- [RECORDS PROVIDED]
* * * *

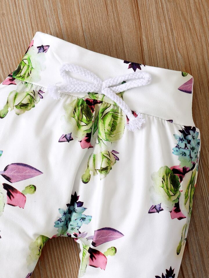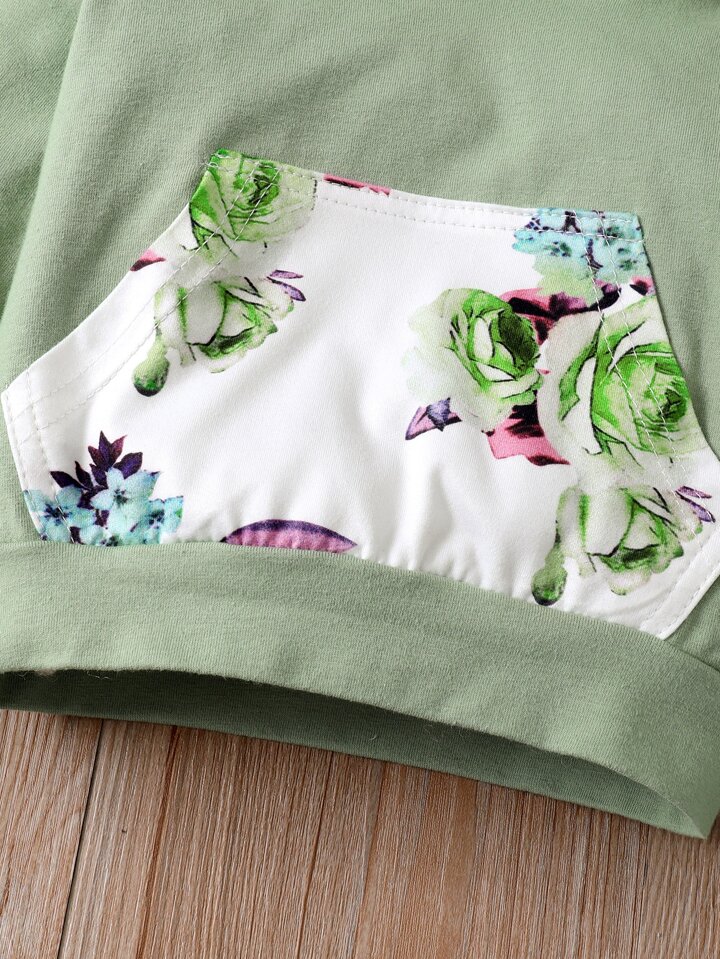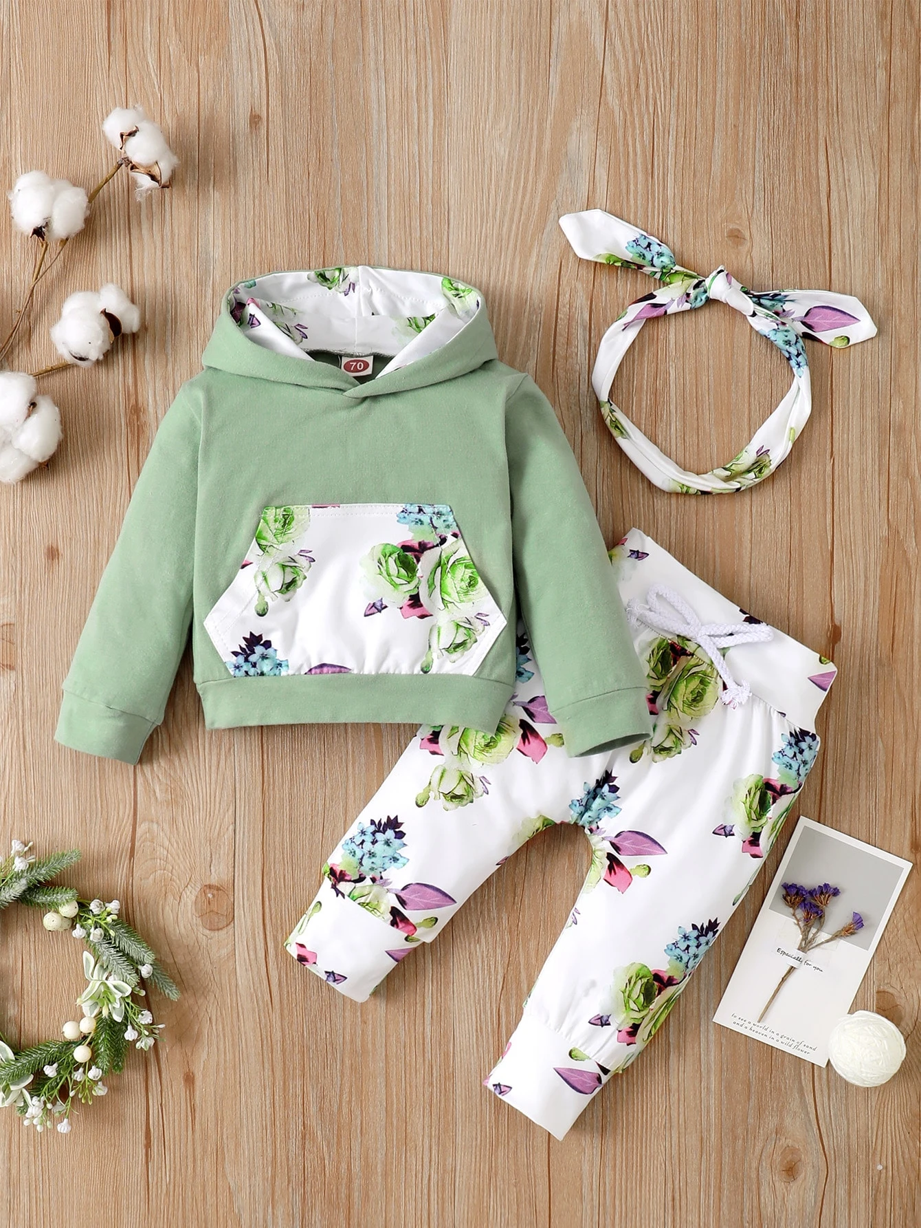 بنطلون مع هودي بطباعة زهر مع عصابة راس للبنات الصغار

* * * *

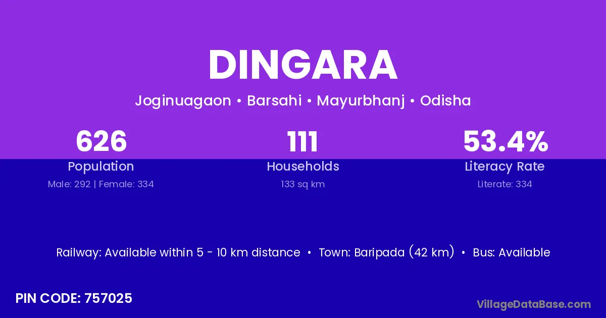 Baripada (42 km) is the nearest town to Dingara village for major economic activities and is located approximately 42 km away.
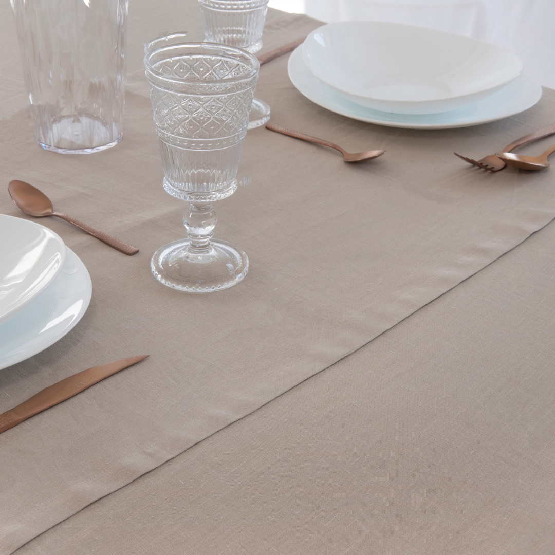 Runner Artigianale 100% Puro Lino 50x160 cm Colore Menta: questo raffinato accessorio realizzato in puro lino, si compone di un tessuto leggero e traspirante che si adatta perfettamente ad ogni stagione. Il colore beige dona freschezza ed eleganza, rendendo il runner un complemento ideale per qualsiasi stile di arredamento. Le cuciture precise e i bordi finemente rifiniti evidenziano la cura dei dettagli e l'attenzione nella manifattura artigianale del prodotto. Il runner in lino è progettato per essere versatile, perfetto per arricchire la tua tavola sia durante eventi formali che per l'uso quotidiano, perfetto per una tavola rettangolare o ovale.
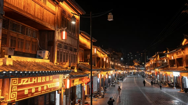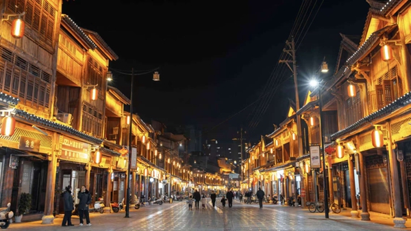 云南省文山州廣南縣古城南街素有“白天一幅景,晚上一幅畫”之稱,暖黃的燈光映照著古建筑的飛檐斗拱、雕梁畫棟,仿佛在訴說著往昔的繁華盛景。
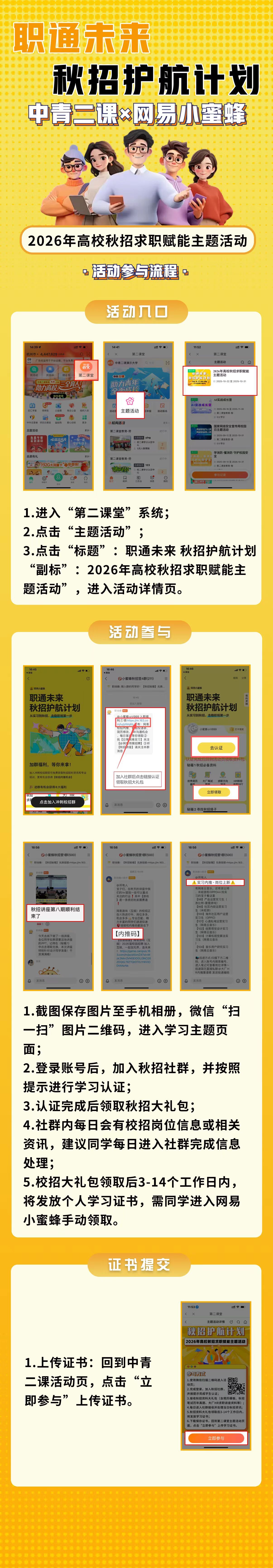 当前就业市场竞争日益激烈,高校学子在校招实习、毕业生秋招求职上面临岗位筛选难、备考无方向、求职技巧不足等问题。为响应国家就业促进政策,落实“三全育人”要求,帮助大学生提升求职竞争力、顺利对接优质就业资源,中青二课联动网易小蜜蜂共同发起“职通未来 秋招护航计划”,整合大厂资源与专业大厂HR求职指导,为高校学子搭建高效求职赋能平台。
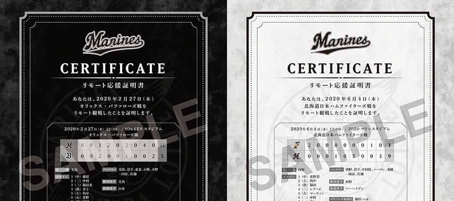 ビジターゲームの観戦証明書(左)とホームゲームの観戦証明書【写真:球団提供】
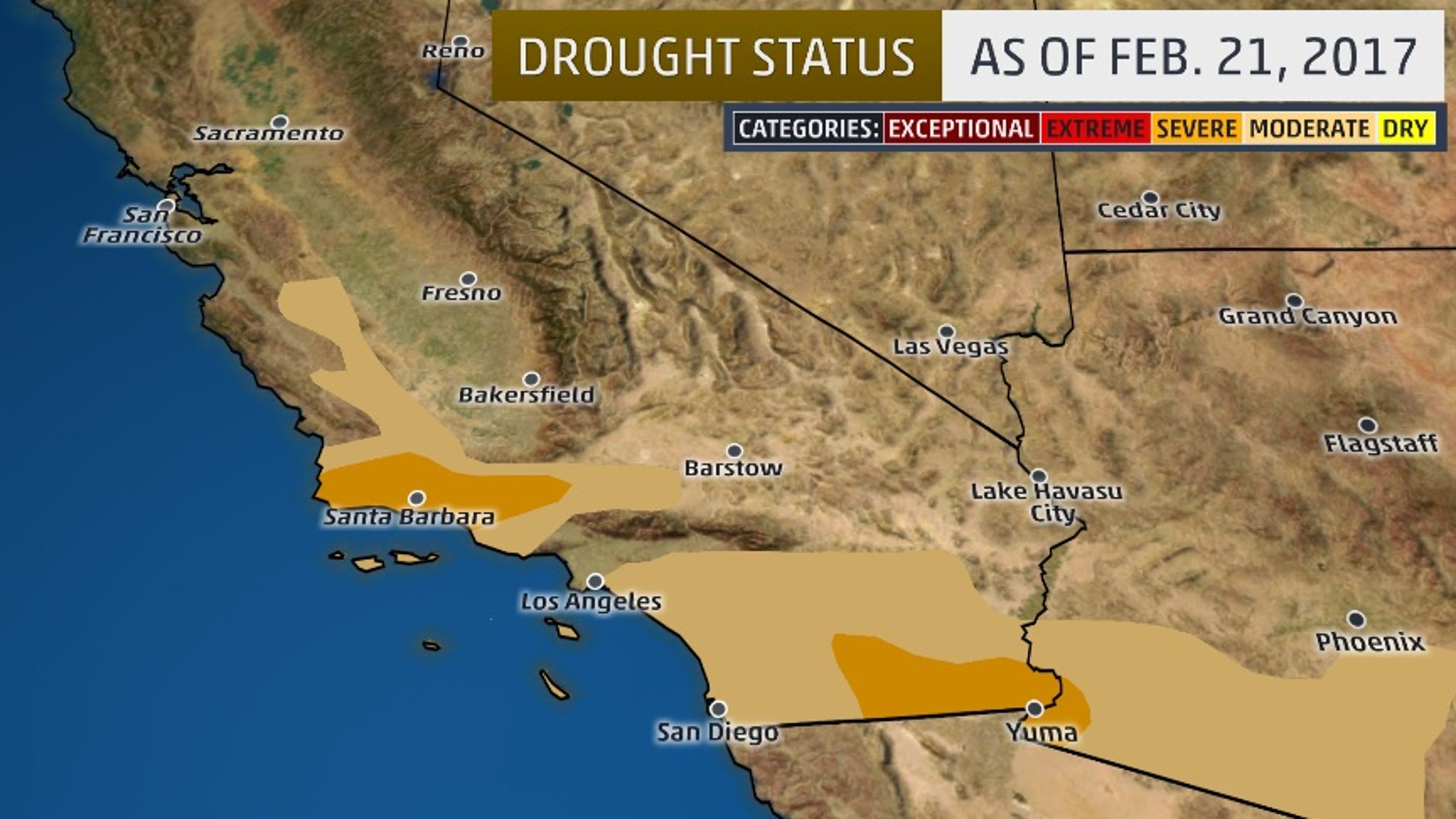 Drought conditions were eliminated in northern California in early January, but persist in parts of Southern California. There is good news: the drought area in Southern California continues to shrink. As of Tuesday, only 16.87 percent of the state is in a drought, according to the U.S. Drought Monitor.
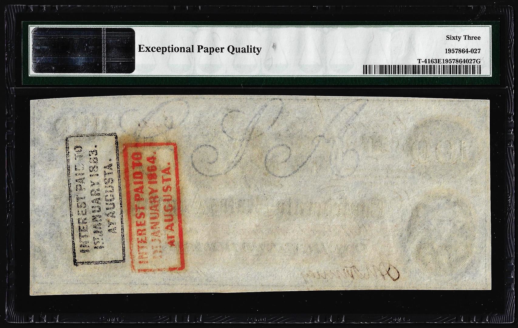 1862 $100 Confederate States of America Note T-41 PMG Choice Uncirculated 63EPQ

* * * *

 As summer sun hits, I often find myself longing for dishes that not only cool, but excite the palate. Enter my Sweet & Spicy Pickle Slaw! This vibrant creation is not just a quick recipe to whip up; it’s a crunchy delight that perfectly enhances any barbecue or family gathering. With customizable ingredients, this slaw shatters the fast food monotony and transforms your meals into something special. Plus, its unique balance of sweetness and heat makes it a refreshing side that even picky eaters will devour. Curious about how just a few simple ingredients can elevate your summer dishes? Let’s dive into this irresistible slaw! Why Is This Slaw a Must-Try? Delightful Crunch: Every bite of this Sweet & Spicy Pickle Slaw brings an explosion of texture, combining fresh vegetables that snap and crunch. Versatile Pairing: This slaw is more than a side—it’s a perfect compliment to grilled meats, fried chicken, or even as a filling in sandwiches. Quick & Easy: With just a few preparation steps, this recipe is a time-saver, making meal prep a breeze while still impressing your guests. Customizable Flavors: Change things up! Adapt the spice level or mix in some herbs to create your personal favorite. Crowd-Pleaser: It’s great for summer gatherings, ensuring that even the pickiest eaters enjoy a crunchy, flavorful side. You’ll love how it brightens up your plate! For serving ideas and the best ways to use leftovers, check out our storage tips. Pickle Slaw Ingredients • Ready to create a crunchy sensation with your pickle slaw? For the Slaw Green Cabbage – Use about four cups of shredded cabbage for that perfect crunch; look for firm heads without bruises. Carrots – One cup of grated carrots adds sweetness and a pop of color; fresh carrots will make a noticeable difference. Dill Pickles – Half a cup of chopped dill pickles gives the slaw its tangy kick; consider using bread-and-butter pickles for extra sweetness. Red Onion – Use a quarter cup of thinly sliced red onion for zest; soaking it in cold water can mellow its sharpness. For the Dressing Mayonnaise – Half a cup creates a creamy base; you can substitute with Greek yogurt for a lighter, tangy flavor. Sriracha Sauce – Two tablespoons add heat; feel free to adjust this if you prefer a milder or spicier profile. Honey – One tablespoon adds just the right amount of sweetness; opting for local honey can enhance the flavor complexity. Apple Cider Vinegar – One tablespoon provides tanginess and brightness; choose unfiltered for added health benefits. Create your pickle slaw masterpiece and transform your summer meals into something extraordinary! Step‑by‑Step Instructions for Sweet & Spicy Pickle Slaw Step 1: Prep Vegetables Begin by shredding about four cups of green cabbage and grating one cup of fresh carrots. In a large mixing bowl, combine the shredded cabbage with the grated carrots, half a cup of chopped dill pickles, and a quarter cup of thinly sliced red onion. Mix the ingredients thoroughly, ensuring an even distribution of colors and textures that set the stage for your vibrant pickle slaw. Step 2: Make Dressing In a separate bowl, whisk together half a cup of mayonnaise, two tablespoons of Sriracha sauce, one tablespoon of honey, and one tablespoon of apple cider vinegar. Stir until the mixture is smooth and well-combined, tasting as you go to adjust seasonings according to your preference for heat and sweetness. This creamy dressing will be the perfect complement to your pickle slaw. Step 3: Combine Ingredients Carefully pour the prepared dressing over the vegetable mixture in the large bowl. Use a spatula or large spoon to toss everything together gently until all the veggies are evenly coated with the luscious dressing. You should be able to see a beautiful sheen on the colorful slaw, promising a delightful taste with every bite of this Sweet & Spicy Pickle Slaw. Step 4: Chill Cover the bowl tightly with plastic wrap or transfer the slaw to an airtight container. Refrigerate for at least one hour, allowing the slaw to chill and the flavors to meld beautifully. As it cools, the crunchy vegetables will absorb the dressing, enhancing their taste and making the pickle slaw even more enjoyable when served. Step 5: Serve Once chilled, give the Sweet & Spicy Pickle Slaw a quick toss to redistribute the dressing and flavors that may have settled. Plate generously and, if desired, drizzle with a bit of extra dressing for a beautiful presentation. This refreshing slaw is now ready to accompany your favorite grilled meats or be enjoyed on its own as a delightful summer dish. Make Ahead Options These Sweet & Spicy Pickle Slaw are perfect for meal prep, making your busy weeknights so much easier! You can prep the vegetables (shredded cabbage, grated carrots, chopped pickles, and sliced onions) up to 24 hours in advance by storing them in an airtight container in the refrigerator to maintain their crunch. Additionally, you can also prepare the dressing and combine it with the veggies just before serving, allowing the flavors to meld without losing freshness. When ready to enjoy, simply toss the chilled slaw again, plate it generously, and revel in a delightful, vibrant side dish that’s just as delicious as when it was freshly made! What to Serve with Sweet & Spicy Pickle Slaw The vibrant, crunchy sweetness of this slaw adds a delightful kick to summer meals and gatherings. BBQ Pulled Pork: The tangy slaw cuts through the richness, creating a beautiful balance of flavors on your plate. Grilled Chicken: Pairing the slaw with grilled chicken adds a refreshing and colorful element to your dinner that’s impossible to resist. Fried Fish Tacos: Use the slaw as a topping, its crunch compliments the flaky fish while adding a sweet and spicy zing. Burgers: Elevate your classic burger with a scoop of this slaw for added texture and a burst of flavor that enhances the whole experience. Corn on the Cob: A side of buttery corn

* * * *

What's needed is an exact copy of the lines above from the one with "Drought conditions were" through the one with "1862 $100 Confederate", both included; the pictures stay out.

- [ANSWER SPACE]
 Drought conditions were eliminated in northern California in early January, but persist in parts of Southern California. There is good news: the drought area in Southern California continues to shrink. As of Tuesday, only 16.87 percent of the state is in a drought, according to the U.S. Drought Monitor.
 1862 $100 Confederate States of America Note T-41 PMG Choice Uncirculated 63EPQ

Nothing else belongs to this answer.